WHAT YOU ARE ASKED TO DO
Can you transcribe every entry word for word, skipping the images?

(Records excerpted from a collection)
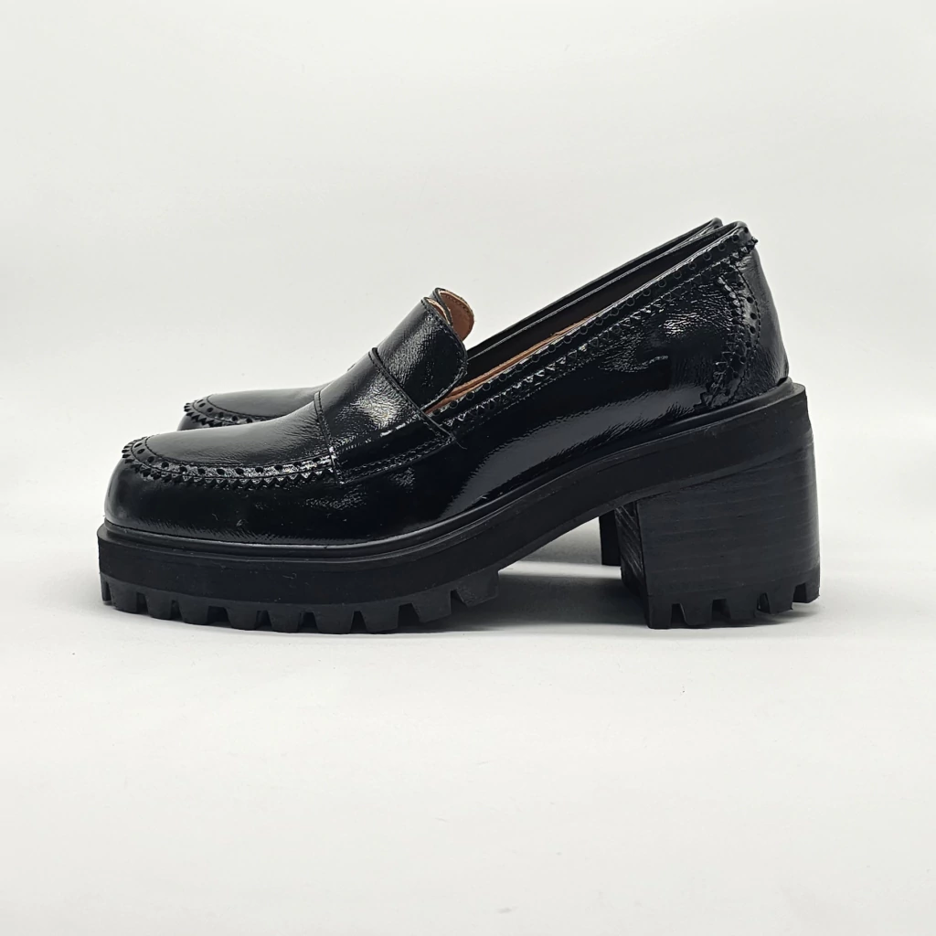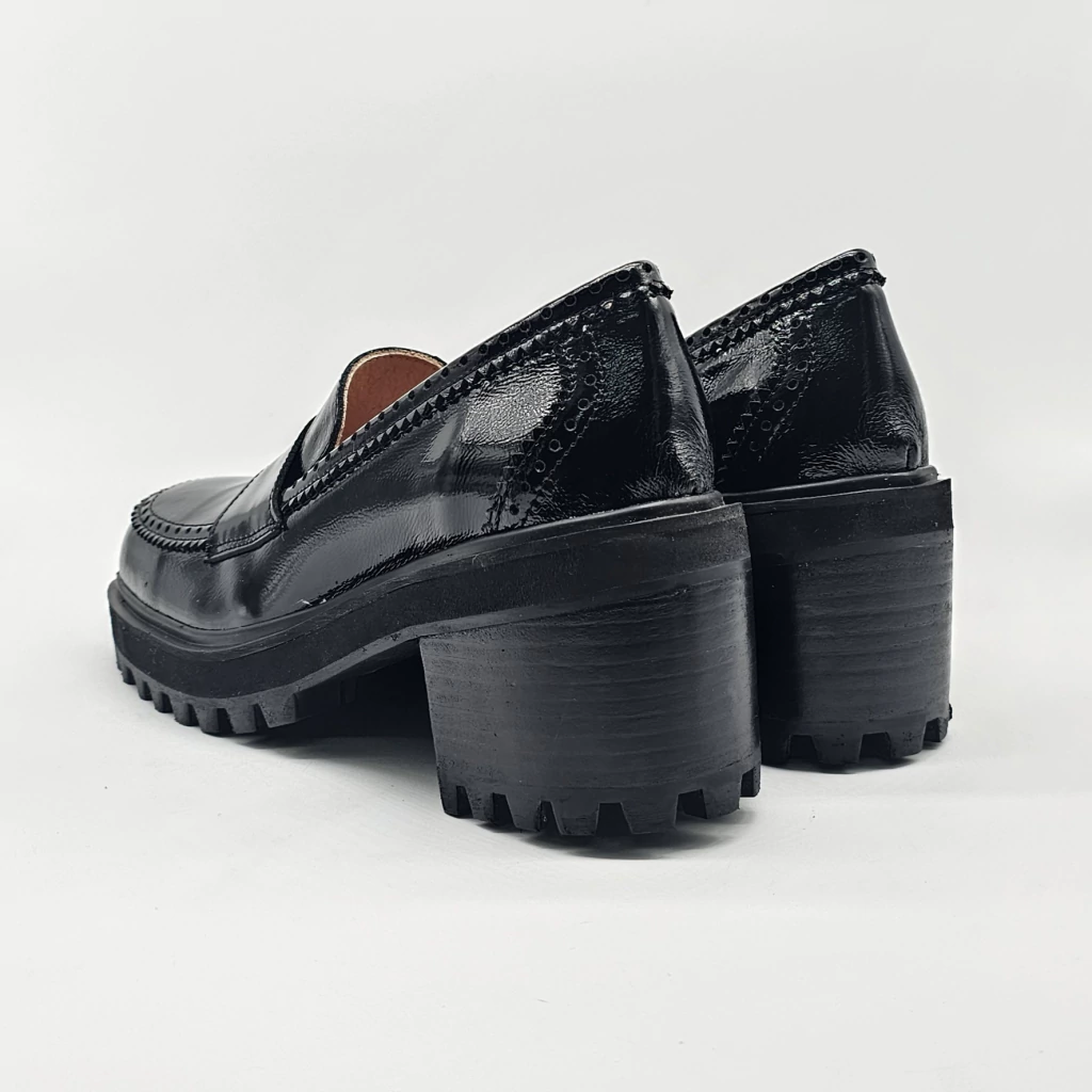 Mocasín confeccionado artesanalmente en cuero vacuno seleccionado, sobre base de goma con taco foliado y gomín tipo ruta.
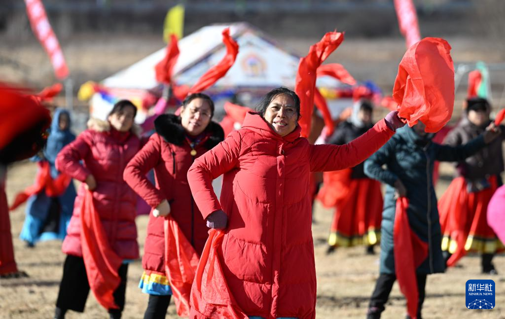 11月10日,人们在冰雪那达慕上表演安代舞。
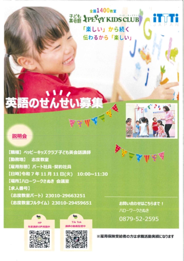 11月11日(火)ハローワークさぬき2階会議室にて「イッティージャパン株式会社 デイリー説明会」を開催いたします。
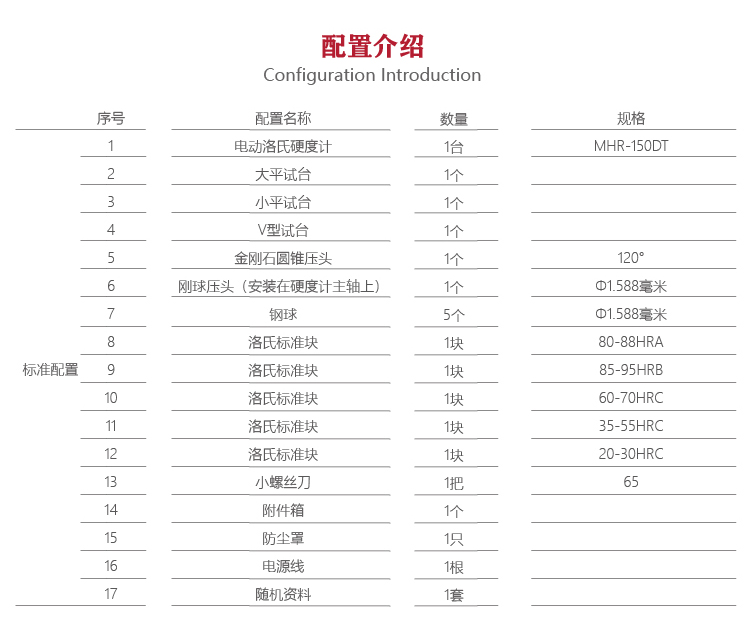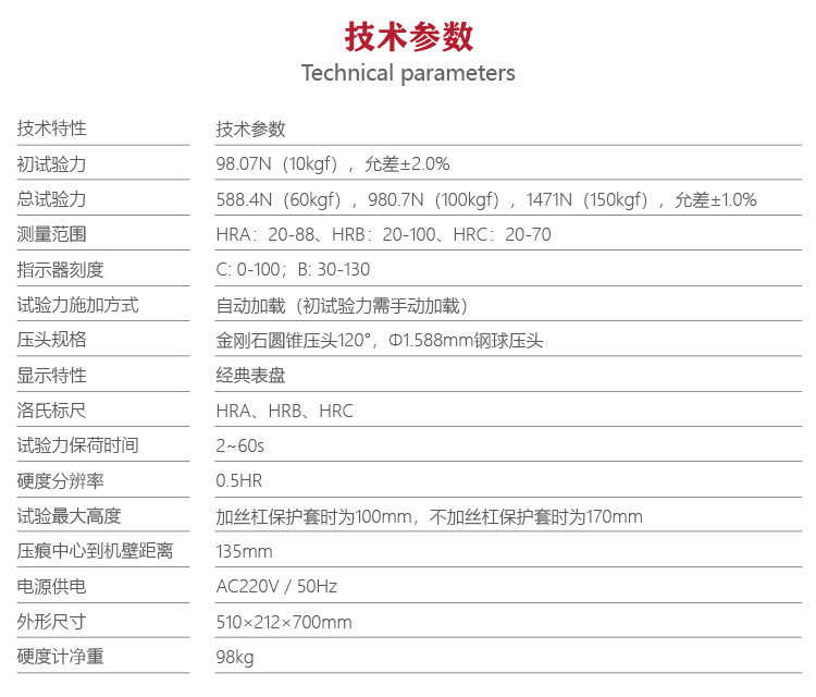 | 壓頭規格 | 金剛石圓錐壓頭120°,Φ1.588mm鋼球壓頭 |
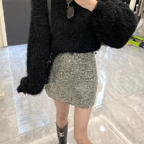 Beaded Mini Skirt elegance is personified in this stunning, high-waisted piece designed to add a touch of sparkle to your wardrobe. This tweed a-line skirt features a rich, woven texture interwoven with delicate beads that capture and reflect the light beautifully. Crafted as a high waisted sparkly skirt, it cinches the waist to create a polished and sophisticated silhouette perfect for any event. This elegant grey party skirt transitions seamlessly from office chic to evening glamour when paired with a simple cardigan or blouse. Make a statement with this embellished short skirt, the ultimate blend of classic style and modern brilliance.

REPLY
 Mocasín confeccionado artesanalmente en cuero vacuno seleccionado, sobre base de goma con taco foliado y gomín tipo ruta.
 11月10日,人们在冰雪那达慕上表演安代舞。
 11月11日(火)ハローワークさぬき2階会議室にて「イッティージャパン株式会社 デイリー説明会」を開催いたします。
 | 壓頭規格 | 金剛石圓錐壓頭120°,Φ1.588mm鋼球壓頭 |
 Beaded Mini Skirt elegance is personified in this stunning, high-waisted piece designed to add a touch of sparkle to your wardrobe. This tweed a-line skirt features a rich, woven texture interwoven with delicate beads that capture and reflect the light beautifully. Crafted as a high waisted sparkly skirt, it cinches the waist to create a polished and sophisticated silhouette perfect for any event. This elegant grey party skirt transitions seamlessly from office chic to evening glamour when paired with a simple cardigan or blouse. Make a statement with this embellished short skirt, the ultimate blend of classic style and modern brilliance.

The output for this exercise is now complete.